Perfect Push Ups

Perfect push ups are a great total body exercise. And the best part about it is that it requires no equipment at all. Just you and your body.

Push up training is a great way to improve core stability, and it is one of my favorite core exercises for my patients. It also works the shoulders, chest, upper back, and hips. For the time investment and not needing equipment, a push up is one of the best exercises you can add to your training program or sports injury rehab.

The Perfect Push Up

The key to an effective pushup is to make sure that you maintain good body alignment. If you can do this, you will work more than just your arms and chest. You will gain core stability and abdominal strength.

Keep your alignment straight
To perform a push up, start by placing your hands a little wider than your shoulders, and rolling up on your toes.

Make sure that you are in alignment from your shoulders to your heels.

You may want to perform this in front of a mirror the first few times to make sure that your hips are not too high, or that you are not sagging in the middle.

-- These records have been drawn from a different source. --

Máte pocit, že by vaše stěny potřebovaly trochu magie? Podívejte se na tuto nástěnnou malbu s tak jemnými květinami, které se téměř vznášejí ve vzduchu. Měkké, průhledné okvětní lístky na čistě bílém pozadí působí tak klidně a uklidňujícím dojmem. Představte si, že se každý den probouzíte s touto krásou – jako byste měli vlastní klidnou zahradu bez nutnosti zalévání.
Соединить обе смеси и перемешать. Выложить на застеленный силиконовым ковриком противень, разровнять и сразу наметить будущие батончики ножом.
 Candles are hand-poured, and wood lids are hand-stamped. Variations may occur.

Once in the starting position, draw in your lower abdominals to stabilize your pelvis and keep your alignement.

Touch your chest

Lower yourself to the floor, touching your chest at the bottom.
Breath out on the way up

Breathe out and then push yourself up to return to the starting position.

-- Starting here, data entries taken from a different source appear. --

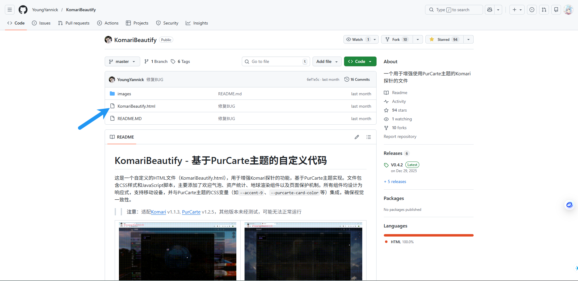 接下来,访问KomariBeautify的github地址:https://github.com/YoungYannick/KomariBeautify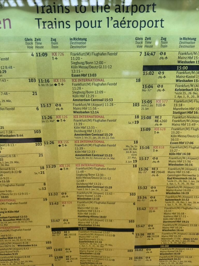 Dann umsteigen in einen anderen ICE zum Flughafen. Der wurde uns wirklich von einer Auskunft -Schaffner – empfohlen.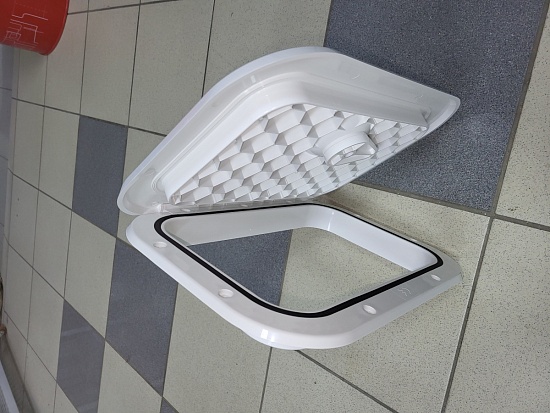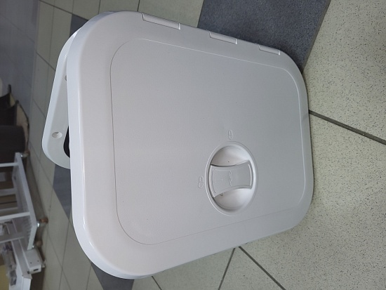 Люк прямоугольный размером 270х373 мм. Имеет новую систему устройства петель. Данная система позволяет снимать крышку люка без демонтажа рамки. Это позволяет производить замену крышки не меняя рамки, а так же производить необходимые работы сняв крышку и не демонтируя рамку. Это необходимо в случае, если открыть крышку полностью нет технической возможности из-за конструктивных особенностей катера, или других предметов, находящихся в непосредственной близости от люка. Страна производитель: Италия. Компания производитель: CAN SB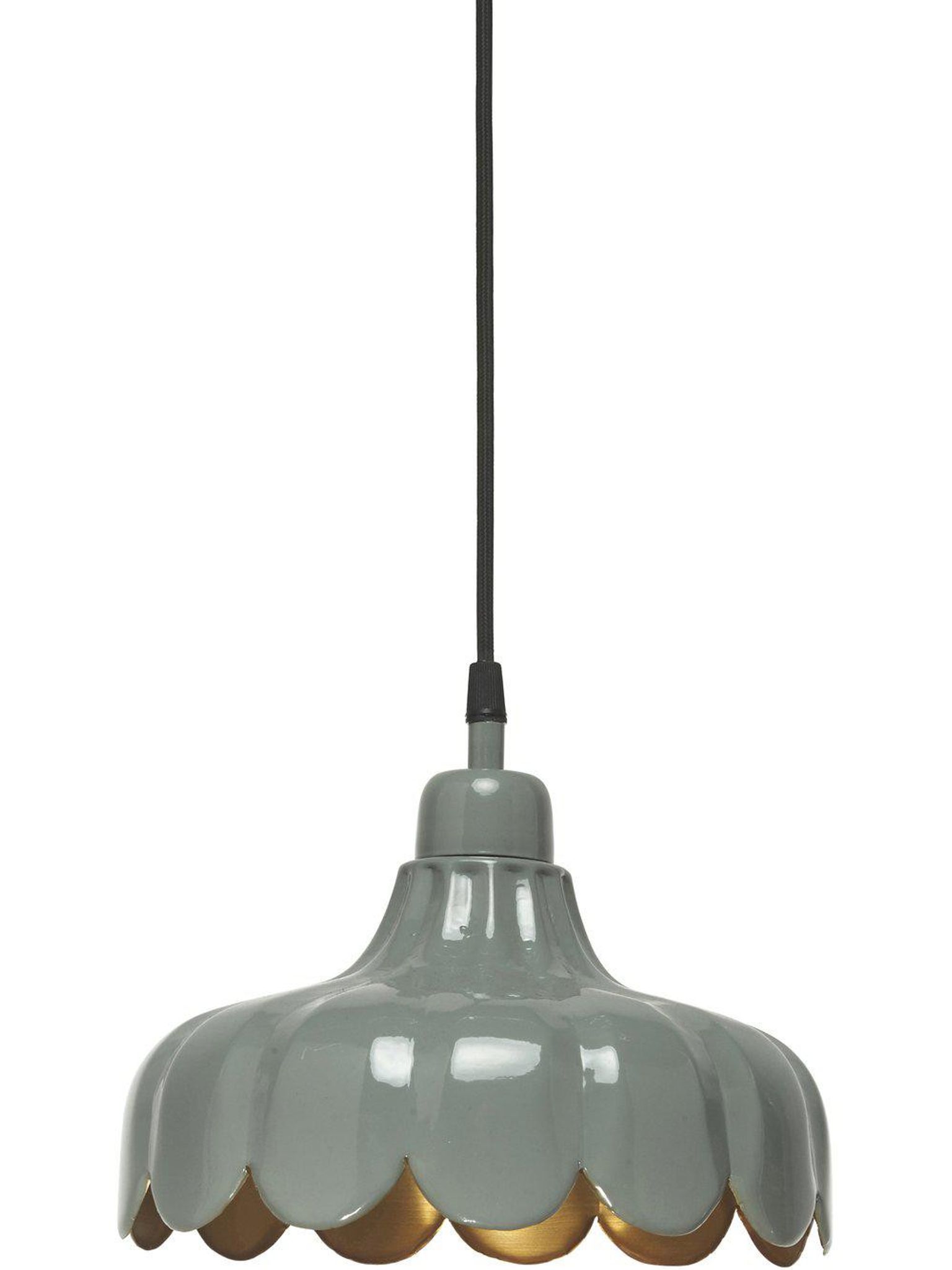 Den här gröna metallpendeln med blommönsterinspiration är gjord för att kombinera form och funktion. Det varma skenet från den guldfärgade insidan gör kvällarna mer ombonade och hjälper dig skapa rätt stämning när du äter eller umgås.

Make sure that you keep your alignment through the entire push up. Start off with sets of 5-10, paying attention to your position. Gradually add more sets and repititions as you get stronger.

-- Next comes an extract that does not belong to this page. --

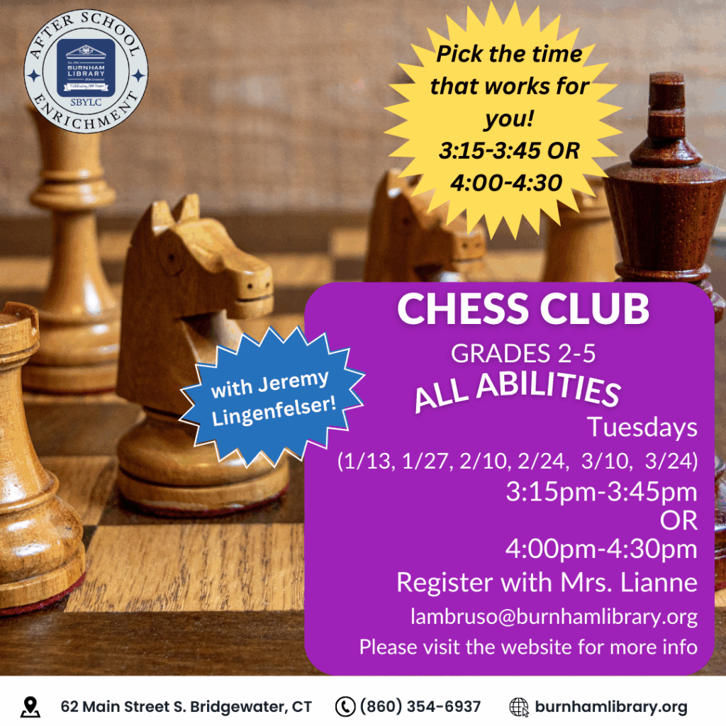 Registration required. Email Mrs. Lianne at lambruso@burnhamlibrary.org

As you are performing the push ups, focus on your abs. Keep your pelvis stabilized, and you will feel your lower abdominals really working because you are challenging them.

Push Up Variations

There are lots of ways to vary push ups and make them more challenging. Once the perfect push up gets easy, it is time to vary your workout with other types of push ups.
Fitness Ball Push Up

You can start by placing your feet on a chair or a box, creating a declined push up. I like to use fitness balls to do decline push ups, both myself and with my patients.

Medicine Ball Push Up

You can also do push ups on a medicine ball. This is an advanced exercise, and takes some time to work up to.

With the very close hand position, it will really work your abs if you keep good alignment.


Most people don't think of push ups as an abdominal exercise. Ask any fitness professional and they will tell you different. The key to perfect push ups is to make sure that you maintain good alignment. Go slow and breathe throughout the exercise. As you get stronger, you can add variations like the fitness ball push up or the medicine ball push up.